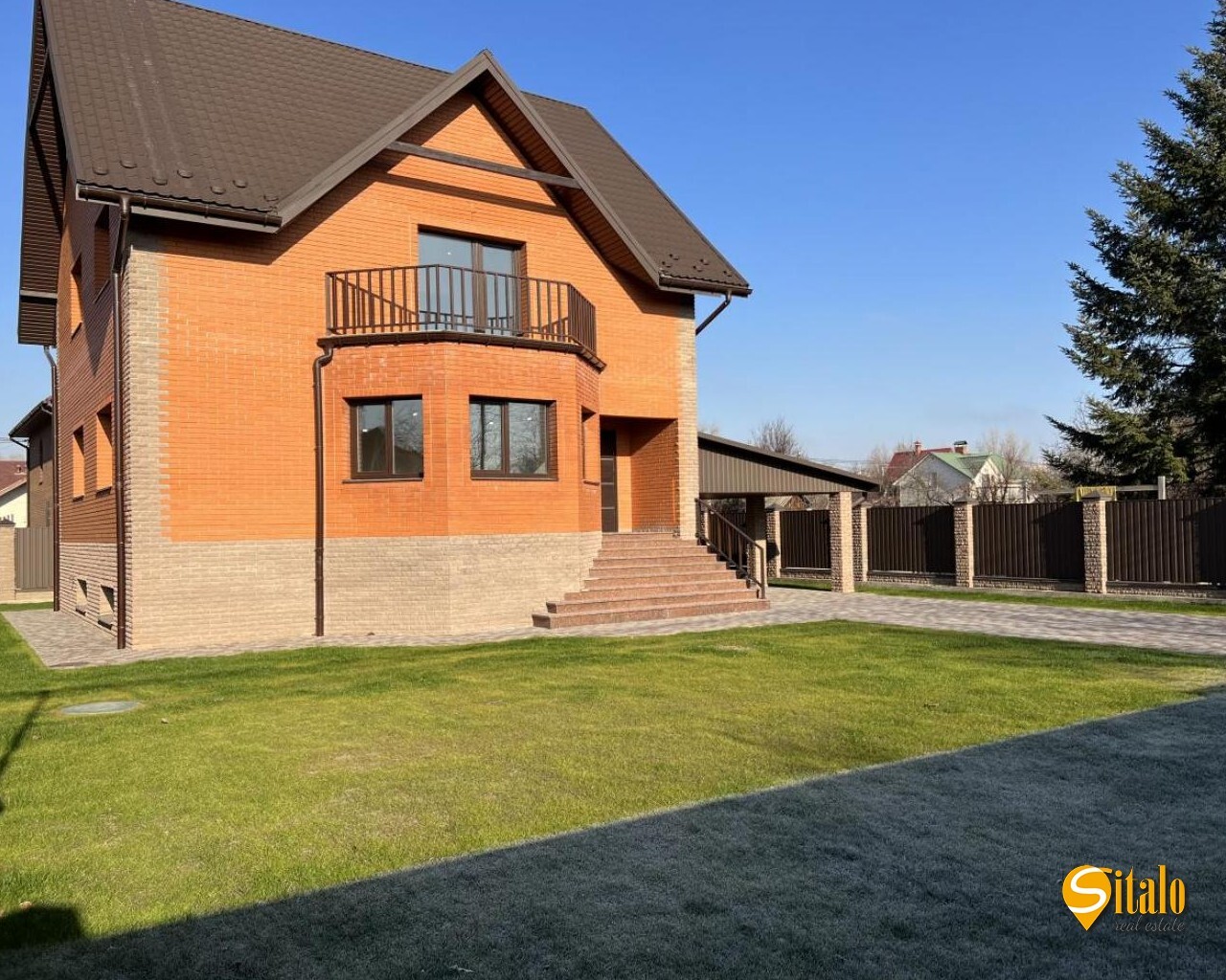 Цегляний будинок з новим ремонтом на Осокорках, загальна площа 250 кв.м. Побудований з якісної цегли, облицьований декоративною цеглою. Планування: -Підвал 80 кв.м, облаштований під бомбосховище, з можливістю використання під сауну або господарські приміщення. -Перший поверх: кухня, вітальня, гардеробна, санвузол, комора. -Другий поверх: дві дитячі кімнати, спальня власників з гардеробною та виходом на балкон, санвузол, вихід на горище. Комунікації та технічні характеристики: -Тепла підлога на всіх поверхах -Опалення від теплового насосу -Електропостачання 20 кВт -Свердловина 70 м, система водоочистки -Септик Територія: -Ділянка 6 соток, рівна, облаштована газоном та автоматичним поливом -Огороджена парканом, відкатні ворота з механізмом -Є навіс для автомобіля Будинок розташований на тихій вулиці, серед сусідів, які проживають постійно. Відстань до метро Славутич – 2 км. У пішій доступності магазини, транспорт, озеро. Без комісії Код об'єкта 15759
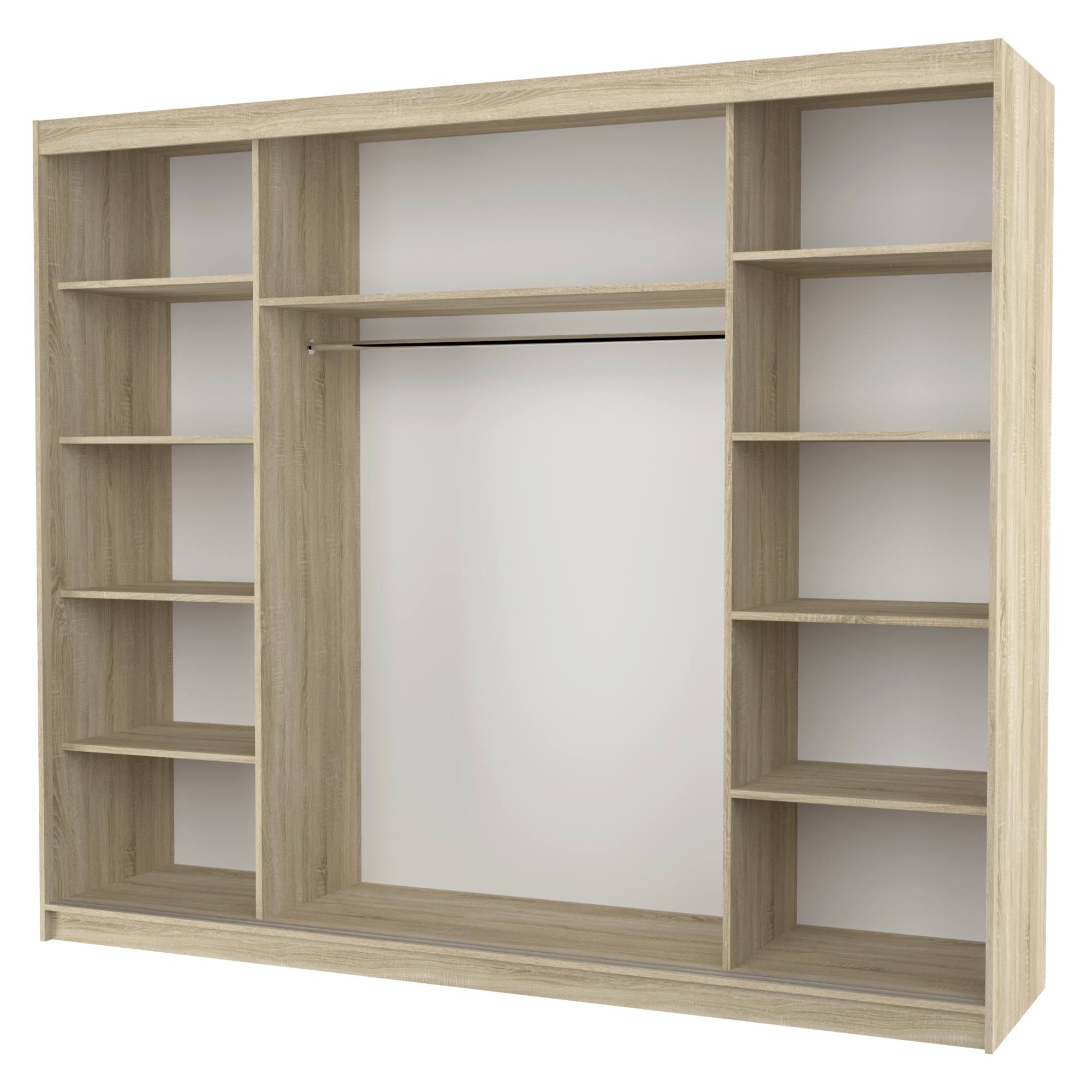 Disponuje posuvnými dverami s hliníkovými vodiacimi lištami pre plynulé a pohodlné otváranie. Dvere skrine sú doplnené veľkou zrkadlovou plochou, ktorá uľahčí vaše prípravy počas ranného zhonu a zároveň opticky zväčší priestor. Zároveň odráža viac svetla do miestnosti, čím pôsobí interiér svetlejšie.
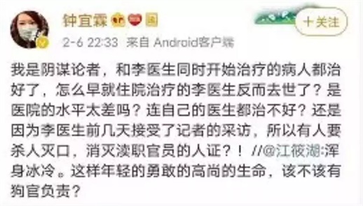 但是,你知道,很多人已经开始拿李文亮医生的死,在大做文章,表达自己的诉求,有人称他们为“八君子”,有人要为他修纪念碑,就在李文亮医生去世的那个凌晨,谣言四起,比如:
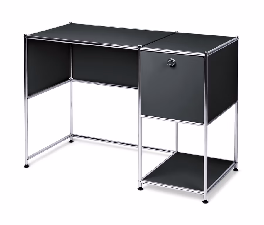 - Biurko na chromowanej, metalowej konstrukcji i z chromowaną gałką
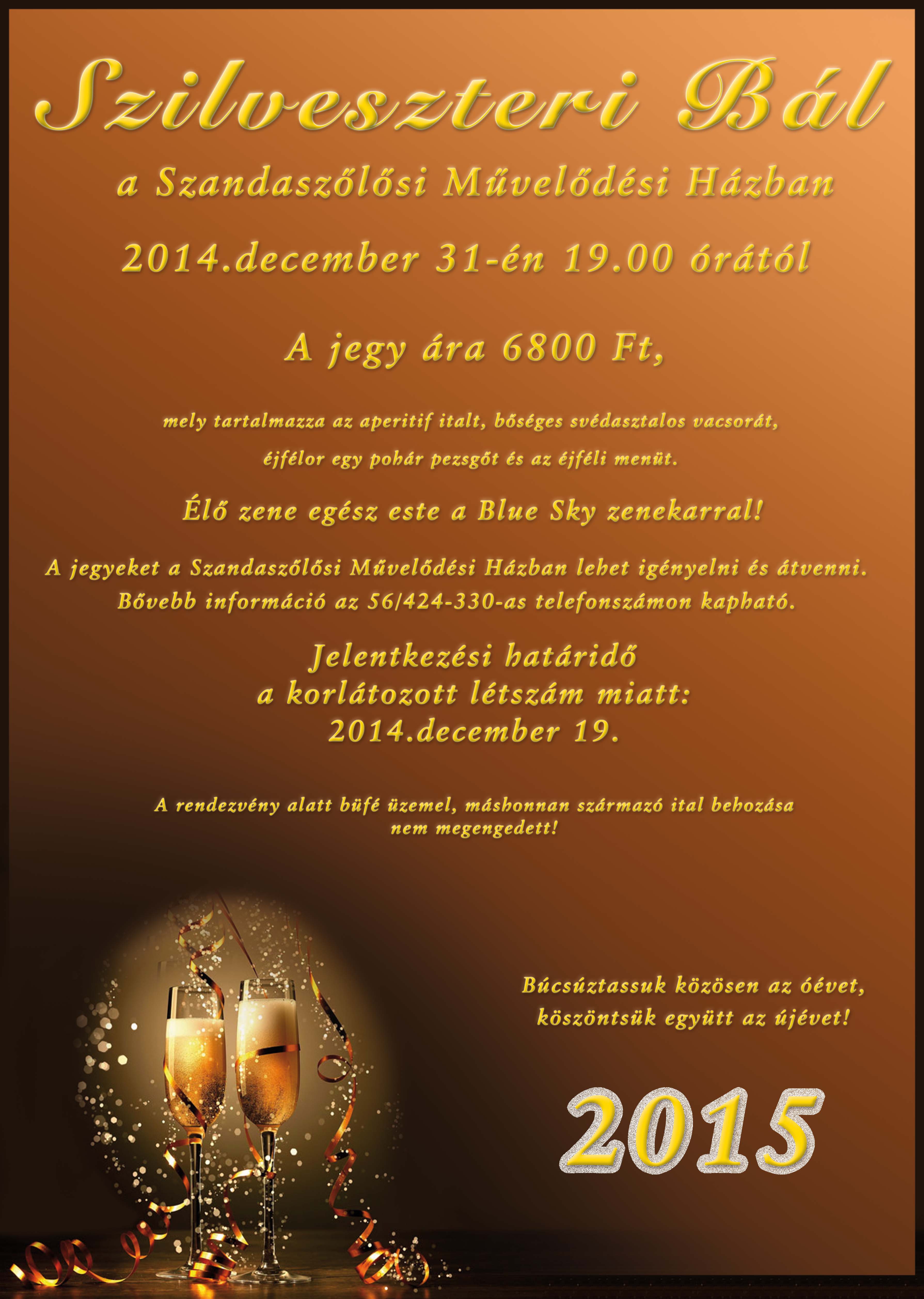 2014. december 31. 19.00 órától Szilveszter a Blue Sky zenekarral (plakát mellékelve)
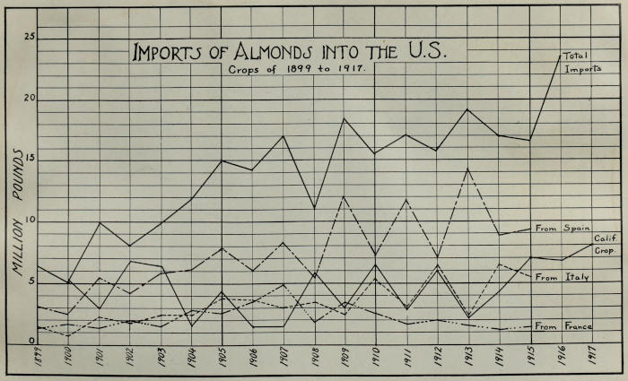 With the 1915 crop the production in California entered upon what appears to be a long prospective increase. The large acreage of almonds set out in the last four or five years is the result of greatly improved market conditions due to the successful work of the California[4] Almond Growers’ Exchange. The first of these new plantings are now coming into bearing, and each year for many years in the future will continue to see increased yields. Large acreages are still being planted so that the almond production in California bids fair to continue to grow.
◇ ◇ ◇ ◇ ◇
— Try it —
Keep each line of the records exactly as it is while transcribing them, but leave the images behind.

— Expected answer —
 Цегляний будинок з новим ремонтом на Осокорках, загальна площа 250 кв.м. Побудований з якісної цегли, облицьований декоративною цеглою. Планування: -Підвал 80 кв.м, облаштований під бомбосховище, з можливістю використання під сауну або господарські приміщення. -Перший поверх: кухня, вітальня, гардеробна, санвузол, комора. -Другий поверх: дві дитячі кімнати, спальня власників з гардеробною та виходом на балкон, санвузол, вихід на горище. Комунікації та технічні характеристики: -Тепла підлога на всіх поверхах -Опалення від теплового насосу -Електропостачання 20 кВт -Свердловина 70 м, система водоочистки -Септик Територія: -Ділянка 6 соток, рівна, облаштована газоном та автоматичним поливом -Огороджена парканом, відкатні ворота з механізмом -Є навіс для автомобіля Будинок розташований на тихій вулиці, серед сусідів, які проживають постійно. Відстань до метро Славутич – 2 км. У пішій доступності магазини, транспорт, озеро. Без комісії Код об'єкта 15759
 Disponuje posuvnými dverami s hliníkovými vodiacimi lištami pre plynulé a pohodlné otváranie. Dvere skrine sú doplnené veľkou zrkadlovou plochou, ktorá uľahčí vaše prípravy počas ranného zhonu a zároveň opticky zväčší priestor. Zároveň odráža viac svetla do miestnosti, čím pôsobí interiér svetlejšie.
 但是,你知道,很多人已经开始拿李文亮医生的死,在大做文章,表达自己的诉求,有人称他们为“八君子”,有人要为他修纪念碑,就在李文亮医生去世的那个凌晨,谣言四起,比如:
 - Biurko na chromowanej, metalowej konstrukcji i z chromowaną gałką
 2014. december 31. 19.00 órától Szilveszter a Blue Sky zenekarral (plakát mellékelve)
 With the 1915 crop the production in California entered upon what appears to be a long prospective increase. The large acreage of almonds set out in the last four or five years is the result of greatly improved market conditions due to the successful work of the California[4] Almond Growers’ Exchange. The first of these new plantings are now coming into bearing, and each year for many years in the future will continue to see increased yields. Large acreages are still being planted so that the almond production in California bids fair to continue to grow.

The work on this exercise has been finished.